Cosmic Brownie Recipe
Equipment
- 8×8 inch pan
- Whisk
- Microwave safe bowl
- Small saucepan
Ingredients
For the Brownies:
- ¾ cup unsalted butter cubed (170g)
- 4 ounces chopped chocolate bittersweet (113g)
- 1 cup granulated sugar (200g)
- ⅓ cup packed light brown sugar (74g)
- ¼ cup unsweetened cocoa powder (25g)
- 1 teaspoon vanilla extract
- 2 large eggs room temperature
- 1 large egg yolk room temperature
- ¾ cup all-purpose flour (90g)
- 1 tablespoon cornstarch
- ¾ teaspoon salt
For the Frosting:
- ½ cup semisweet chocolate chips (90g)
- ⅓ cup heavy cream (80ml)
- 1 tablespoon rainbow candy-coated chips
Instructions
For the Brownies:
- Preheat the oven to 350°F. Lightly grease an 8×8-inch baking pan with butter or baking spray and line it with parchment paper.
- In a small saucepan, combine the butter and chopped chocolate. Place over medium-low heat and cook, stirring occasionally, until both are fully melted. Transfer the mixture to a large mixing bowl.
- Add the granulated sugar, brown sugar, cocoa powder, and vanilla and whisk vigorously until smooth. Add the eggs and egg yolk one at a time, whisking until each one is combined before adding the next.

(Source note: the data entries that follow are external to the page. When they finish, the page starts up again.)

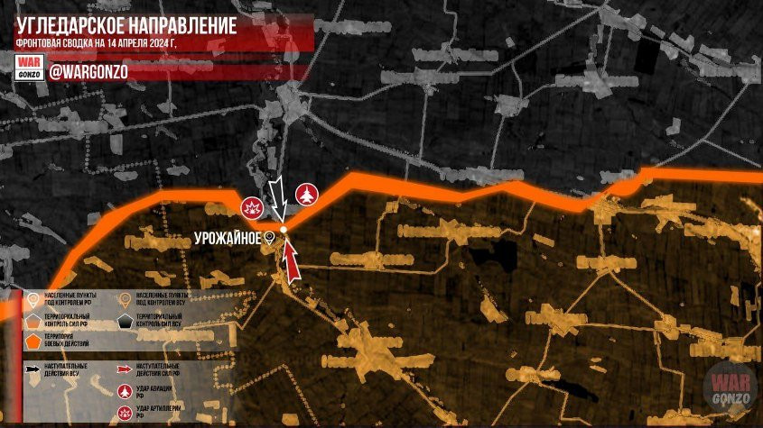 Обновленная карта боевых действий из зоны СВО на Украине от 14.04.2024
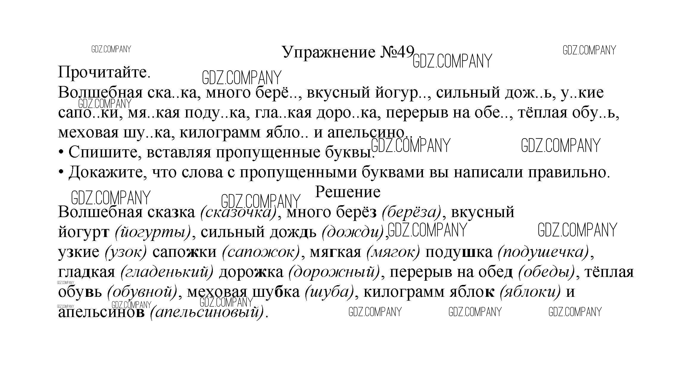 Здесь готовые ответы по Русскому языку за 2 (второй) класс от Канакина, Горецкий Учебник Школа России (издательство: Просвещение от 2013 г.) № 49
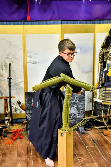 Learning the Samurai Sword. At that time, you will be allowed to wear a serious sword. Participants will try their hand at sword cutting with a samurai sword.
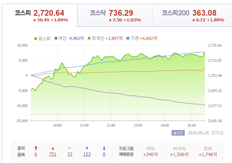 5월 29일 한국 증시는 전일에 이어 AI·반도체 기대감과 함께 기관 및 외국인 매수세가 집중되며 상승 랠리를 이어갔습니다. 코스피는 +1.89% 상승한 2,720.64pt, 코스닥은 +1.03% 오른 736.29pt로 마감했고, 대형주 중심의 코스피200은 +1.89% 상승하며 흐름을 주도했습니다.
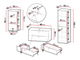 Korpus: lamelirana ploča debljine 16 mm, fronte: MDF ploča debljine 18 mm, rubovi obrađeni PVC furnirom, ručka: plastična kvaka u zlatnoj boji, hidraulične šarke, kuglične vodilice, sudoper uz doplatu, sifon uz doplatu, ogledalo ne uključeno u cijenu kompleta. Mogućnost kupnje iz naše ponude. Nema elemenata za zidnu montažu (šine i tiple) za zidne ormare 02 i 03 - kupac ih mora kupiti zasebno.
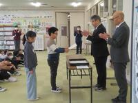 今朝は賞状伝達を行いました。書初め展(書星会賞)、技術・家庭(研究部長賞、優良)、ニチバン巻き芯エコプロジェクト(4年生感謝状)が対象でした。多くの作品から選ばれた皆さん、おめでとうございました。

- Add the flour, cornstarch, and salt and gently fold the dry ingredients into the chocolate mixture using a silicon spatula until no dry streaks remain. Transfer the batter to the prepared pan and smooth it into an even layer.
- Bake for 35 to 40 minutes or until the edges are set and a toothpick inserted in the center comes out with a few moist crumbs. Let the brownie layer cool completely in the pan.
For the Frosting:
- Place chocolate chips in a medium heatproof bowl and set aside.
- Heat the cream in a small saucepan over medium-low heat until very steamy, 1 to 2 minutes. (Do not boil.) Pour the hot cream over the chocolate chips, and set aside for 5 minutes for the chocolate to melt.
- Stir the chocolate and cream together until fully combined and smooth. If a few pieces of chocolate remain, microwave at 50% power for 10 seconds at a time, then stir until smooth.
- Pour the frosting over the cooled brownies and spread it into an even layer. Refrigerate for 20 minutes or until frosting is mostly set but not hard on top. Sprinkle the candy-coated chips on top. Chill for another 10 minutes before slicing.
Notes
- Use the parchment to lift the brownie slab out of the pan for easier slicing. This will help cut even, clean slices, and you won’t risk damaging your pan with a sharp blade.
Nutrition
Achieving The Iconic Look Of Cosmic Brownies
To create that instantly recognizable cosmic brownie from childhood, start by chilling the brownies in the fridge until firm—this makes for cleaner, sharper edges. Cut the cooled brownie slab in half lengthwise, then slice each half crosswise into four equal pieces to make 8 rectangles. (Use a sharp knife warmed under hot water and dried to slice, wiping the blade down after each cut.)
To mimic the original even further, use a skewer or toothpick to gently press a line down the center of each piece.
How To Store
Cosmic brownies can be stored at room temperature if you plan to enjoy them within a couple of days. Keep them in an airtight container to prevent them from drying out.
For ultra-fudgy and chewy brownies, stash them in the fridge! The cooler temperature and high humidity firm up the texture and make them even more decadent. They should keep well for up to a week.
Frequently Asked Questions
Absolutely! Cosmic brownies freeze beautifully. Just wrap each piece tightly in plastic wrap (but without squishing it) and pop them in a freezer-safe bag or container. They’ll keep for up to 2 months—perfect for chocolate cravings on demand. Let them thaw in the fridge or at room temperature when you’re ready to enjoy.
Sure! If you want to use a 9×13 pan, double the recipe and check the doneness with a toothpick. They may need a few more minutes to bake thoroughly.